◆ Work required
Please set down only the lines below starting with the line with "And the CBR650R" and going on through the line with "Metrica Wine è", verbatim and without pictures.

___ Dataset records ___

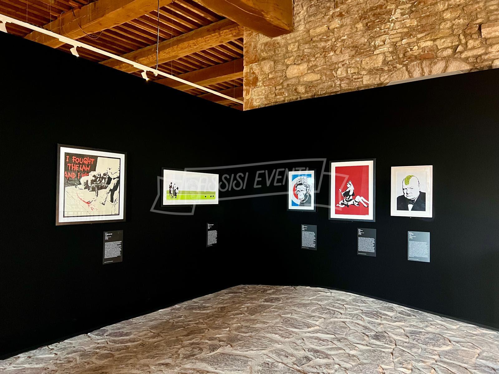 È stata inaugurata il 16 aprile scorso e proseguirà fino al 2 novembre 2025. È visitabile tutti i giorni, negli orari di apertura della Rocca Maggiore di Assisi. È divisa in sezioni, ponendo il pubblico di fronte a opere originali che l’artista ha creato nel suo studio dal 1998 al 2010. Tra queste alcune immagini iconiche e di grande valore, come Flower Thrower, il lanciatore di fiori, e Girl with Balloon, la ragazza con il palloncino rosso a forma di cuore, nella sua versione originale del 2004. Pezzi straordinari ed esclusivi, perché se in molti conoscono il lavoro pubblico di Banksy, pochissimi hanno accesso al suo lavoro prodotto in studio.
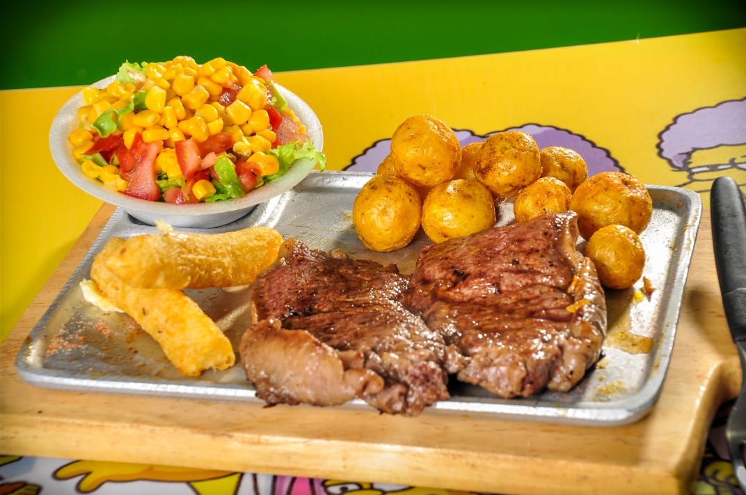 250 gramos de carne, papas a la francesa o papa criolla, yuca o ensalada.
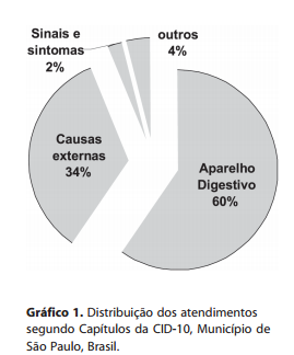 A distribuição dos atendimentos segundo os capítulos da CID-10 mostrou uma concentração de 1.269 casos (60%) para o capítulo Doenças do Aparelho Digestivo, seguido por Lesões, envenenamento e algumas outras conseqüências de causas externas, com 734 casos (34%), restando 2% para Sintomas, sinais e achados anormais de exames clínicos e de laboratório não classificados em outra parte e 4% para os demais capítulos (Gráfico 1).
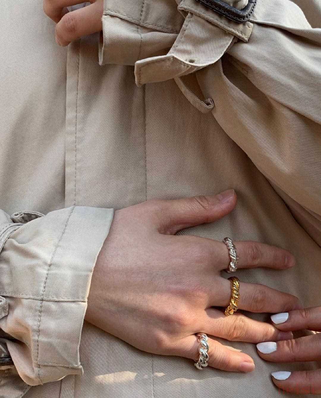 他們家以厚厚的戒指和現(xiàn)代的美學(xué)而聞名,每件物品都可以單獨(dú)佩戴,也可以分層,分層就感覺更酷了。
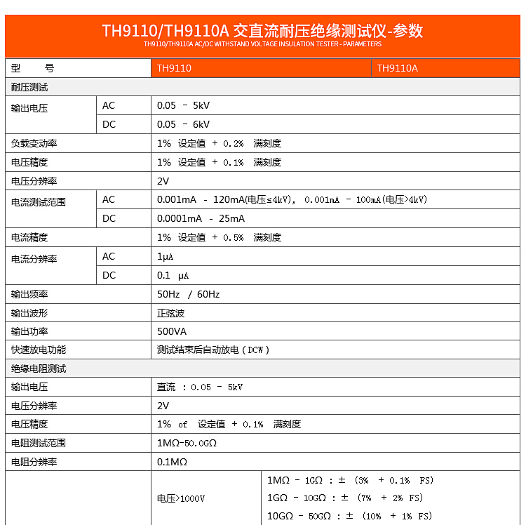| 輸出電壓 | AC | 0.05— 5.00kV±(2%讀數+5個字),頻率50Hz、60Hz可面板選擇 |
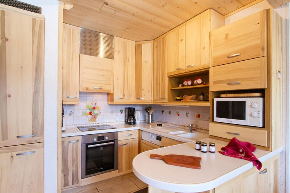Das Apartment ist durchdacht gestaltet und bietet Platz für bis zu acht Gäste. Es verfügt über zwei gemütliche Schlafzimmer, darunter eine Master-Suite mit eigenem Bad, sowie einen dritten Schlafbereich mit zwei Einzelbetten. Das Wohnzimmer mit seinem bequemen Schlafsofa und dem Flachbildfernseher mit DVD-Player lädt zum Entspannen nach einem erlebnisreichen Tag ein. Die voll ausgestattete Küche bietet moderne Annehmlichkeiten wie Geschirrspüler, Backofen, Mikrowelle und sogar einen Raclette-Grill und ein Fondue-Set für authentische alpine Genussmomente. Zwei separate WCs und ein Duschbad sorgen für zusätzlichen Komfort während Ihres Aufenthalts.
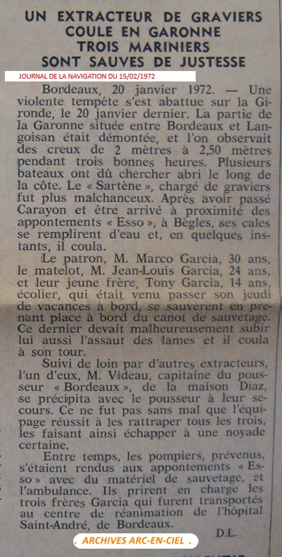 Alain Videau dans son livre '' Dans le sillage des gabares '' (page 313) raconte comment il a sauvé in-extremis l'équipage du SARTENE qui venait de couler vers Bègles.
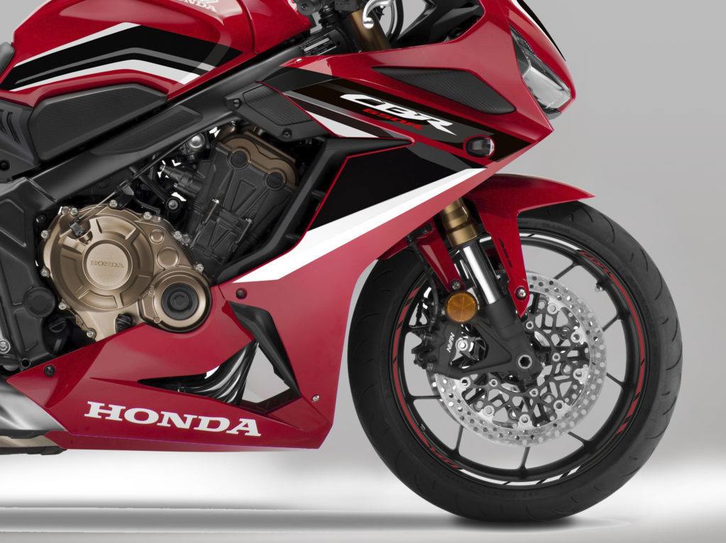 And the CBR650R arrives in Grand Prix Red and Mat Gunpowder Black Metallic.
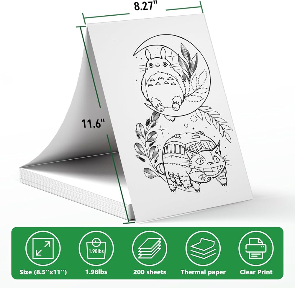 Thermal Printer Paper 8.5 x 11 Inch - Betife Continuous Multipurpose Advanced US Letter Thermal Printing Paper for Brother PJ762/PJ763MFi, Phomemo M08F, HPRT MT800/800Q Printers (200 Sheets)
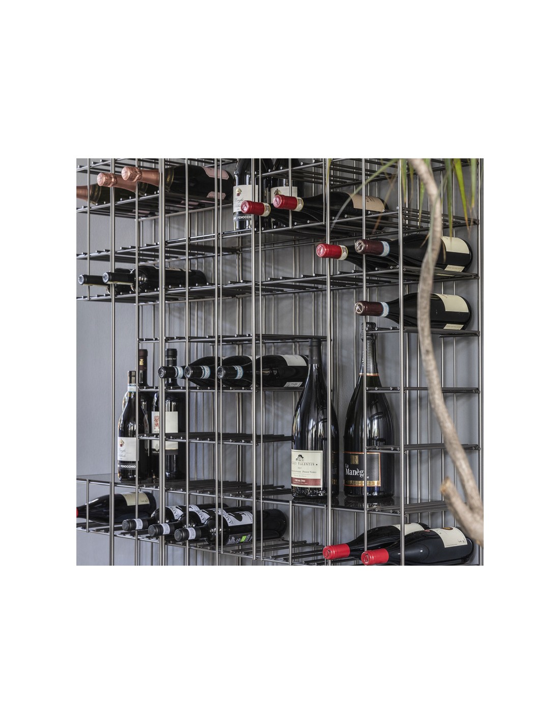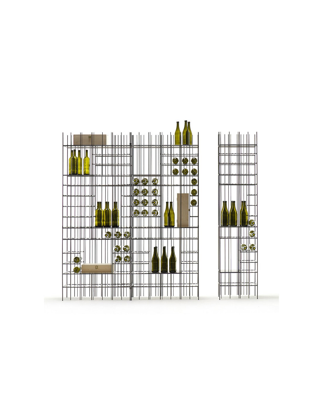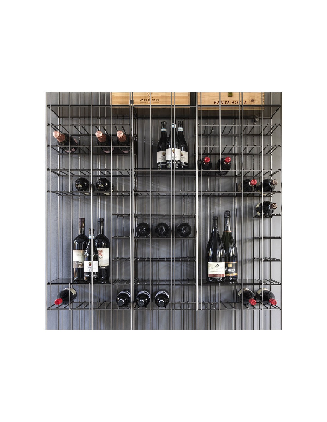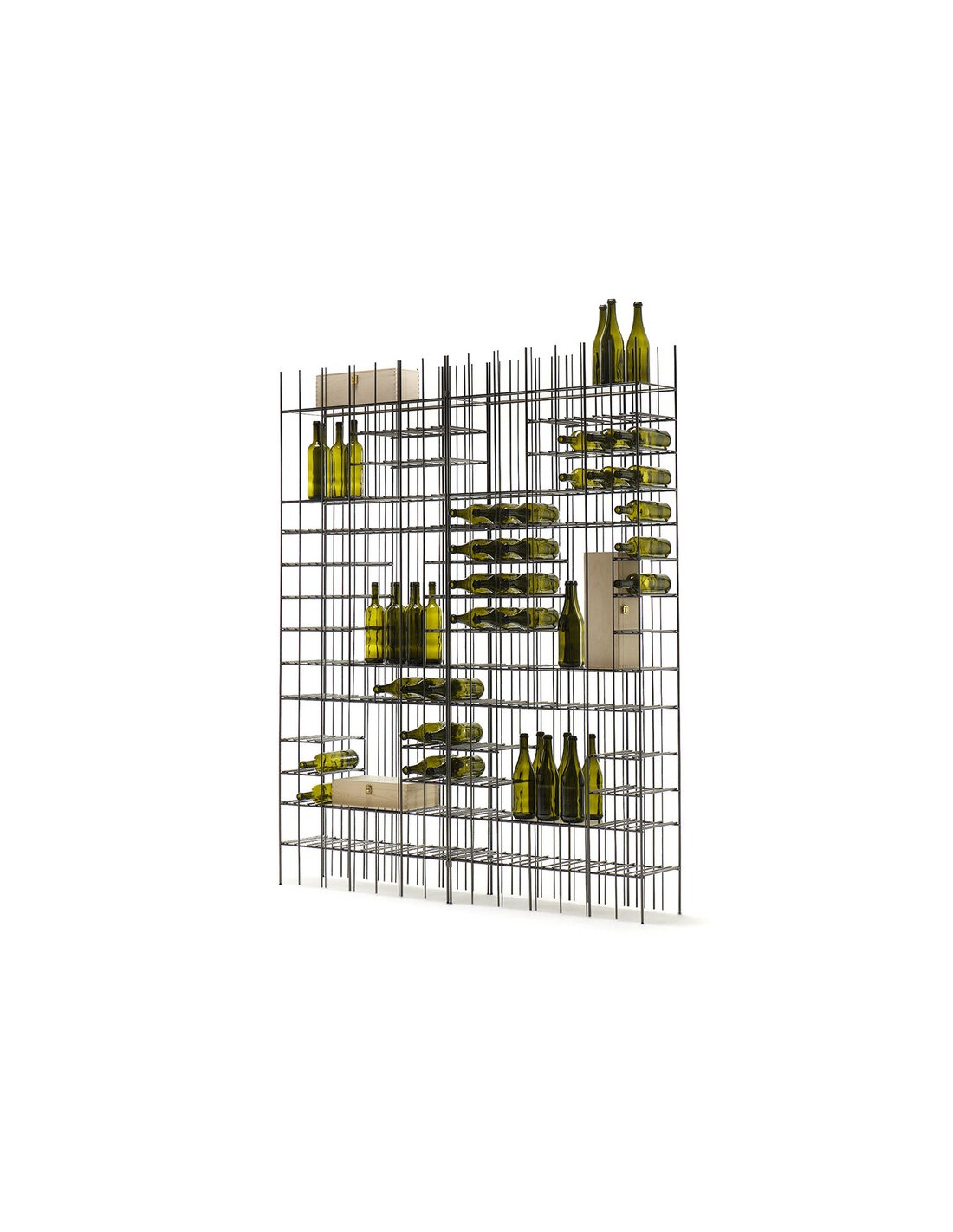 Metrica Wine è un portabottiglie caratterizzato da una semplice struttura in metallo brunito il cui ritmo è scandito dalle bacchette di ferro entro i quali, le bottiglie e gli oggetti, ne completano la forma scrivendo di volta in volta nuove composizioni. Il kit di 3 ripiani in vetro (che deve essere ordinato insieme al porta bottiglie), è disponibile in verde o bronzo. Richiede il fissaggio a parete e il kit ferramenta è incluso: 4 piedini regolabili, 2 ganci di fissaggio di sicurezza a parete, 2 giunti di unione e griglie porta.
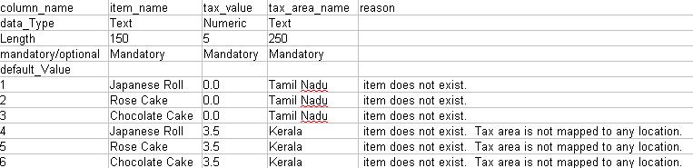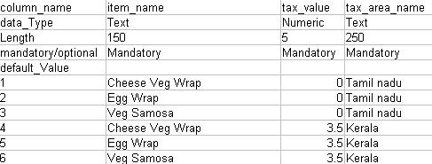 The item_name field, contains the name of the itemThe tax_value field, contains the value of the tax in percentageThe tax_area_name field, contains the name of the area with respect to the location The below image contains few items with sample data for reference
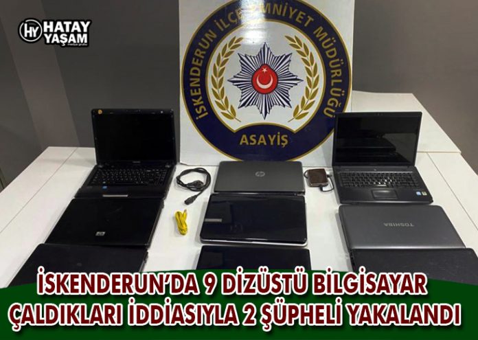 İskenderun ilçesinde bir iş yerinden 9 dizüstü bilgisayar çaldıkları iddiasıyla 2 şüpheli gözaltına alındı. İskenderun İlçe Emniyet Müdürlüğü ekipleri, Ziya Paşa Caddesi’nde bir iş yerinden 9 dizüstü bilgisayar çalınmasıyla ilgili çalışma başlattı. Şüphelilerin eşkalini belirleyen polis, adreslerine düzenlendiği operasyonla T.A.Ö. ve A.Ö’yü yakaladı. Söz konusu adreslerdeki aramalarda çalınan 9 dizüstü bilgisayar ele geçirildi. Gözaltına alınan şüphelilerin emniyetteki işlemleri sürüyor.
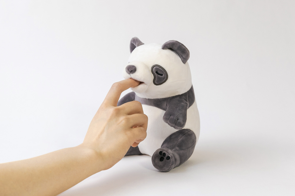 赤ちゃんや幼いペットの短い期間にしか体験できない幸せなしぐさを再現した甘噛みロボットです。
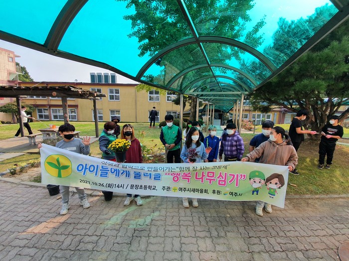 경기 여주시새마을회는 지난 26일 흥천면에 위치한 문장초등학교에서 교직원 및 5·6학년 아이들과 함께 ‘행복 나무심기 행사’를 진행해 수국·청하쑥부쟁이 등을 식재했다. 사진은 이날 참여한 아이들이 기념촬영을 하는 모습. (사진제공=여주시청)
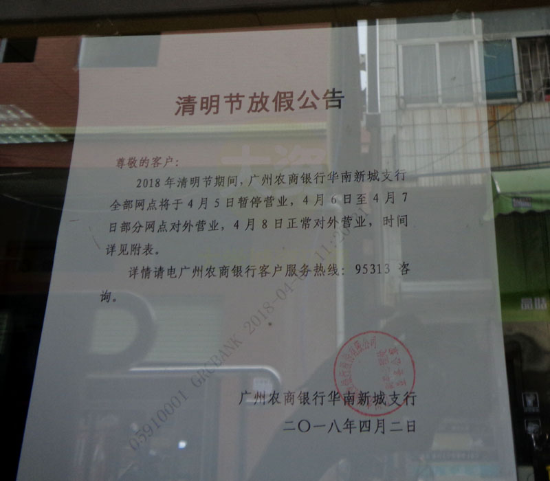 早先通告该农商行网点5、6号都暂停营业,估计是正好趁清明放假期间,进行一个装修升级换旧。
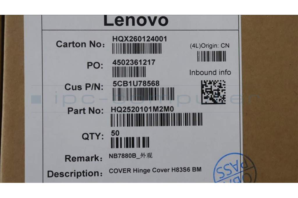Lenovo 5CB1U78568 COVER Hinge Cover H83S6 BM

___

◆ Reply
 And the CBR650R arrives in Grand Prix Red and Mat Gunpowder Black Metallic.
 Thermal Printer Paper 8.5 x 11 Inch - Betife Continuous Multipurpose Advanced US Letter Thermal Printing Paper for Brother PJ762/PJ763MFi, Phomemo M08F, HPRT MT800/800Q Printers (200 Sheets)
 Metrica Wine è un portabottiglie caratterizzato da una semplice struttura in metallo brunito il cui ritmo è scandito dalle bacchette di ferro entro i quali, le bottiglie e gli oggetti, ne completano la forma scrivendo di volta in volta nuove composizioni. Il kit di 3 ripiani in vetro (che deve essere ordinato insieme al porta bottiglie), è disponibile in verde o bronzo. Richiede il fissaggio a parete e il kit ferramenta è incluso: 4 piedini regolabili, 2 ganci di fissaggio di sicurezza a parete, 2 giunti di unione e griglie porta.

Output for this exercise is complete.